All the 10K pullup does is hold the MOSFET "off" when the NPN is off, and bias the MOSFET
gate to approx -12V when the NPN is on.
You missed the most crucial role of the pull-up: it switches the MOSFET off when the grounding transistor closes!
With a 10k pull-up, you're going to be running a little over a milliamp into the gate of the MOSFET.
That means it will take a while to switch off.
That means it will spend more time in the dangerous "intermediate" region when it will have higher resistance, and thus generate lots of heat.

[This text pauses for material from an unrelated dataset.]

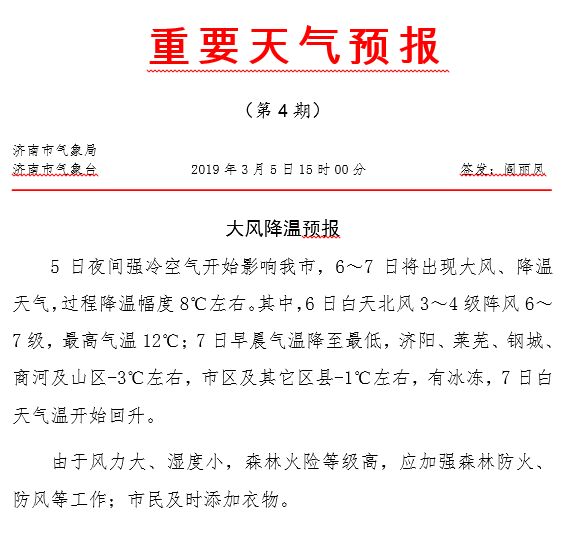 济南市气象台3月5日16时发布的天气预报:

As I said above: For a single switch (duty cycle of minutes, say,) this is probably fine, unless the load is very high-current. For faster duty cycles, or heavy loads, you may find yourself blowing the MOSFET on a single on-to-off transition. I know from experience, where I had to go to a 100 Ohm pull-up before my P-channels would stop failing
(That was with PWM, though)
The gate of the MOSFET is a capacitor. The pull-up is a resistor. Thus, you have an RC filter, and can calculate the rise times!
For a 10 kOhm pull-up with a 1000 pF gate charge, you have a 99% rise time of about 45 microseconds, which is actually a lot! With a 1 kOhm pull-up, you're down under 5 microseconds, which is better.